One of the most difficult things about being a teacher is deciding when students need to work on a lesson a second or third time.

Tests and quizzes are the barometer for students’ knowledge, but teachers only have so much time during the school year and need to cover all material in the curriculum. Writing and then grading a quiz is a time-consuming process and would be negated if the test showed students understood the material.

Marion Middle School might have the solution.

MMS English teacher Michael Ayers has been giving his seventh and eighth-grade classes electronic quizzes. Students answer quiz questions as they appear on a projector screen. The quiz is created on Ayers’ laptop. Each student uses a small hand-held wireless clicker or remote to select answers electronically.

Technology Excellence in Education Network coordinator Brandi Hendrix arranged for the set of 32 clickers to go to MMS.

Ayers gave an eighth-grade class a quiz of 10 multiple-choice questions on figurative language Oct. 20.

Students had a time limit to answer questions. The quizzes are interactive and immediate — one student, after selecting the right answer, jumped out of his seat and raised his arms in the air in celebration — but usually confidential. Students do not know how other students answered — but Ayers knows based on the clicker number. He has instant feedback to understand which students are struggling with particular sections of the material.

“You’ll get the best data back from multiple choice,” Ayers said. “It’s all automatically imported on a laptop. I’m not wasting time by not assuming they know something.”
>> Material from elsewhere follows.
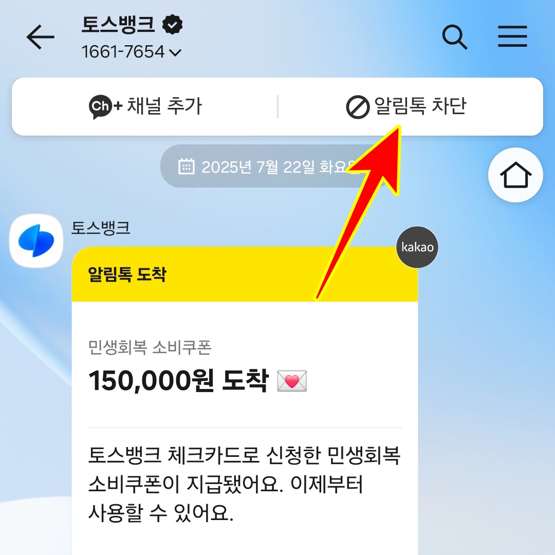 2. 채팅방 상단에 '알림톡 차단' 버튼이 표시됩니다

Example electronic quizzes were part of the package with Marion Middle School’s social studies textbooks and Chad Adkins has used the clickers in his classroom, but Ayers has created all of the questions on his quizzes. After this year, the quizzes can be reused for a few years before the answers are known.

One of the main advantages of electronic quizzes is it can illuminate confusing questions. After every student answers, Ayers knows the percentage of the class that answered the question correctly. He was able to put that information into a graph he showed his class Oct. 20. If a large percentage of students miss a question, ambiguous or tricky wording might be the reason. When that situation occurs, Ayers can strike the question from the test.

“Clearly, it’s a bad question,” Ayers said. “That’s hard to see if you’re grading by hand.”

The electronic quiz supplemented a written quiz and the clicker quizzes are limited to multiple choice and true/false questions. One question on Ayers’ written test had students write a poem using a metaphor, an exercise that would be impossible using clickers.

Ayers and Adkins are already using the electronic quizzes and math teacher Bill Darrow wants to use clickers for multiple choice math questions.

“I think it’s going to take a little time,” Ayers said. “I hope that it will pay off down the road.”